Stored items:

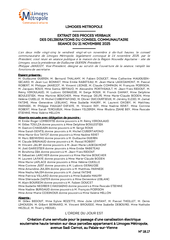 DélibérationCréation d’une servitude pour le passage d’une canalisation électrique souterraine haute tension sur deux parcelles appartenant à Limoges Métropole, avenue Sadi Carnot, au Palais-sur-Vienne1 documentPublié le 4 Décembre 2025 Délibération du 21 novembre 2025 18_17.pdf (.pdf, 228,1 Ko) Télécharger PrécédentRetour à la listeSuivant
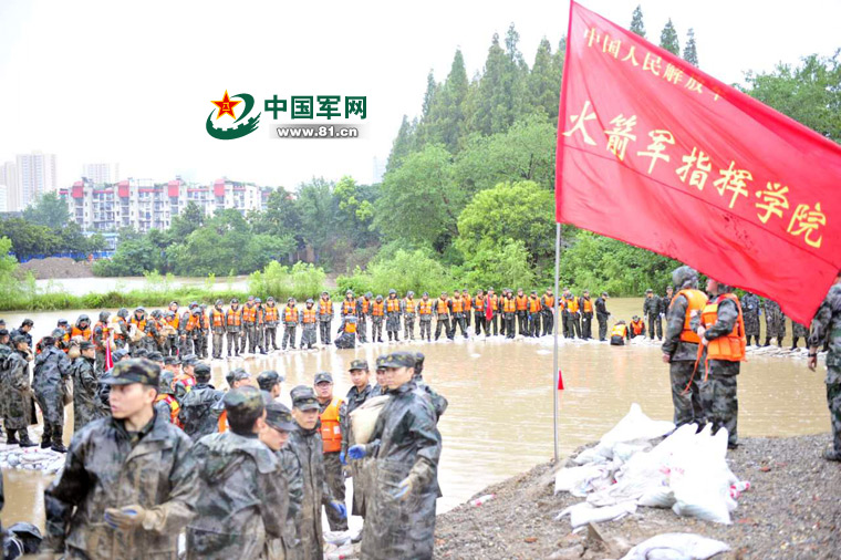 湖北武汉:火箭军指挥学院紧急驰援抗洪抢险一线
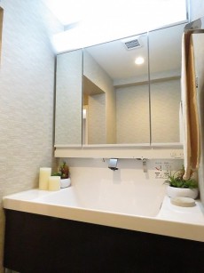 洗面化粧台は鏡の裏が一面収納になっており、ゴチャゴチャしがちな水まわりの小物類もスッキリ片付けておけそうです。蛇口はひっぱるとシャワーとしてもご利用いただけます。
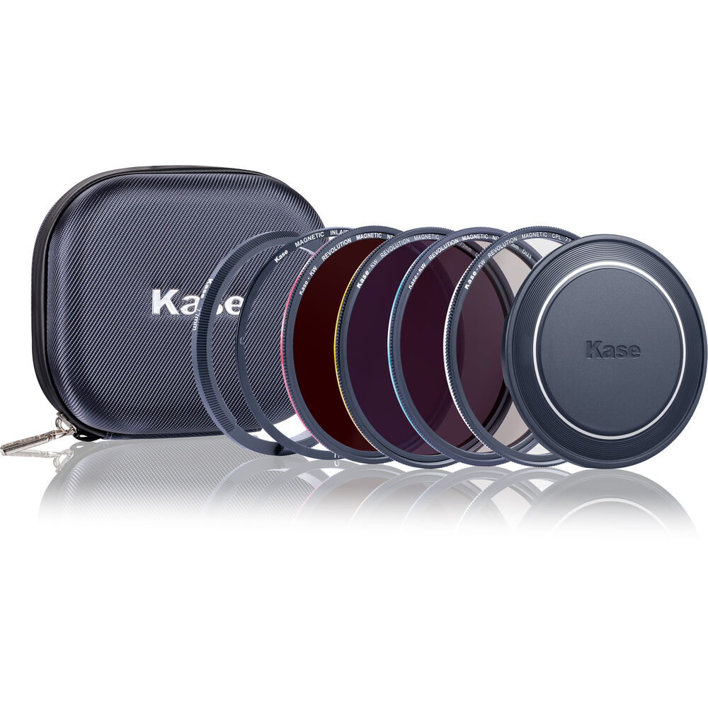 Kase предназначен для объективов с диаметром фильтра 77 мм. В этот набор входят круговой поляризатор, 3-ступенчатый фильтр, 6-ступенчатый фильтр и 10-ступенчатый фильтр. В комплект входят ввинчиваемое адаптерное кольцо и встроенное магнитное адаптерное кольцо, а также передняя крышка объектива и мешочек для фильтров. Каждый фильтр изготовлен из ударопрочного оптического стекла KW и имеет цветовую кодировку для легкой идентификации. Магнитное адаптерное кольцо устанавливается на объектив, не увеличивая его толщину, что позволяет устанавливать традиционные адаптерные кольца и крышки объективов без резьбовых адаптерных колец. В неиспользуемом состоянии комплект можно безопасно хранить в прилагаемом футляре для фильтров.
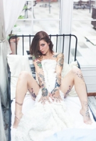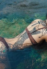蝴蝶结纹身图 女生大腿上彩色的蝴蝶结纹身图片
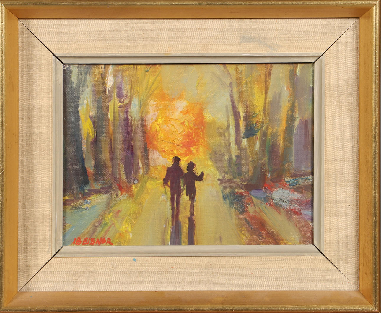 IB EISNER. Old men on a walk, oil on canvas, signed.

DIRECTIONS.
Pictures stay out. Return exactly the lines from the one with "洗面化粧台は鏡の裏が一面収納" through the last line of the data.

WORKED SOLUTION.
 洗面化粧台は鏡の裏が一面収納になっており、ゴチャゴチャしがちな水まわりの小物類もスッキリ片付けておけそうです。蛇口はひっぱるとシャワーとしてもご利用いただけます。
 Kase предназначен для объективов с диаметром фильтра 77 мм. В этот набор входят круговой поляризатор, 3-ступенчатый фильтр, 6-ступенчатый фильтр и 10-ступенчатый фильтр. В комплект входят ввинчиваемое адаптерное кольцо и встроенное магнитное адаптерное кольцо, а также передняя крышка объектива и мешочек для фильтров. Каждый фильтр изготовлен из ударопрочного оптического стекла KW и имеет цветовую кодировку для легкой идентификации. Магнитное адаптерное кольцо устанавливается на объектив, не увеличивая его толщину, что позволяет устанавливать традиционные адаптерные кольца и крышки объективов без резьбовых адаптерных колец. В неиспользуемом состоянии комплект можно безопасно хранить в прилагаемом футляре для фильтров.
蝴蝶结纹身图 女生大腿上彩色的蝴蝶结纹身图片
 IB EISNER. Old men on a walk, oil on canvas, signed.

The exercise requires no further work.